Is there a way to get the "raw" buffer o a std::string?
I'm thinking of something similar to CString::GetBuffer(). For example, with CString I would do:
CString myPath;
::GetCurrentDirectory(MAX_PATH+1, myPath.GetBuffer(MAX_PATH));
myPath.ReleaseBuffer();
So, does std::string have something similar?
While a bit unorthodox, it's perfectly valid to use std::string as a linear memory buffer, the only caveat is that it isn't supported by the standard until C++11 that is.
std::string s;
char* s_ptr = &s[0]; // get at the buffer
To quote Herb Sutter,
Every std::string implementation I know of is in fact contiguous and null-terminates its buffer.

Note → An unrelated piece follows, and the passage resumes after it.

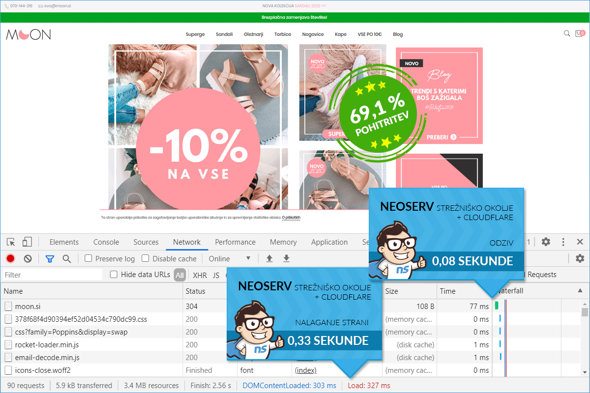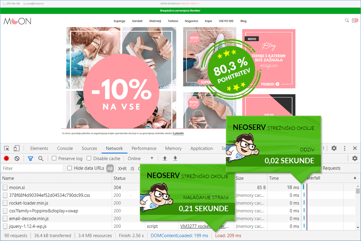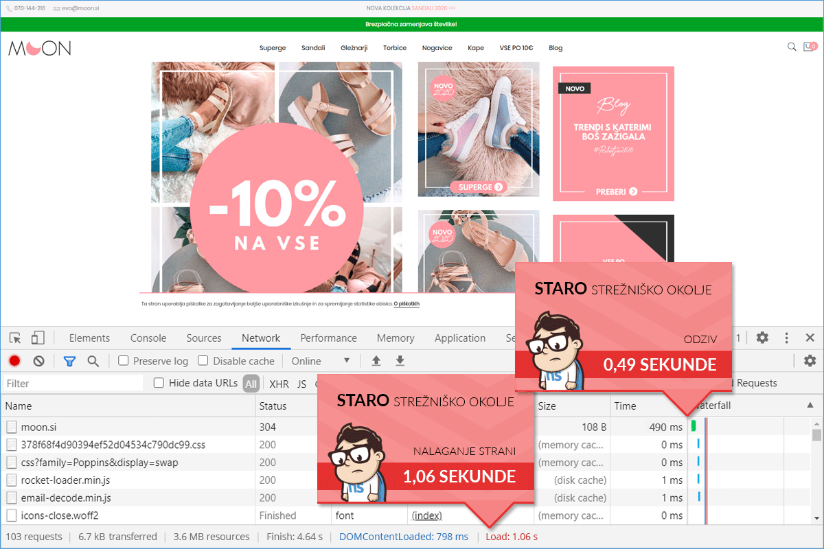 Before transferring to our server, the Moon.si online store was hosted on a server of one of the larger Slovenian hosting providers. The loading time of the online store on the previous server was just over 1 second, which is certainly not a bad result. However, the owner of the online store is clearly well aware of the importance of a responsive online store that attracts more visitors and usually also increases the number of online orders due to a better user experience.

So, although it isn’t formally
guaranteed, in practice you can probably get away with calling &str[0]
to get a pointer to a contiguous and null-terminated string. (But to
be safe, you should still use str.c_str().)
"Probably" is key here. So, while it's not a guarantee, you should be able to rely on the principle that std::string is a linear memory buffer and you should assert facts about this in your test suite, just to be sure.
You can always build your own buffer class but when you're looking to buy, this is what the STL has to offer.
Use std::vector<char> if you want a real buffer.
#include <vector>
#include <string>
int main(){
std::vector<char> buff(MAX_PATH+1);
::GetCurrentDirectory(MAX_PATH+1, &buff[0]);
std::string path(buff.begin(), buff.end());
}
Example on Ideone.
Not portably, no. The standard does not guarantee that std::strings have an exclusive linear representation in memory (and with the old C++03 standard, even data-structures like ropes are permitted), so the API does not give you access to it. They must be able to change their internal representation to that (in C++03) or give access to their linear representation (if they have one, which is enforced in C++11), but only for reading. You can access this using data() and/or c_str(). Because of that, the interface still supports copy-on-write.
The usual recommendation for working with C-APIs that modify arrays by accessing through pointers is to use an std::vector, which is guaranteed to have a linear memory-representation exactly for this purpose.
To sum this up: if you want to do this portably and if you want your string to end up in an std::string, you have no choice but to copy the result into the string.
It has c_str, which on all C++ implementations that I know returns the underlying buffer (but as a const char *, so you can't modify it).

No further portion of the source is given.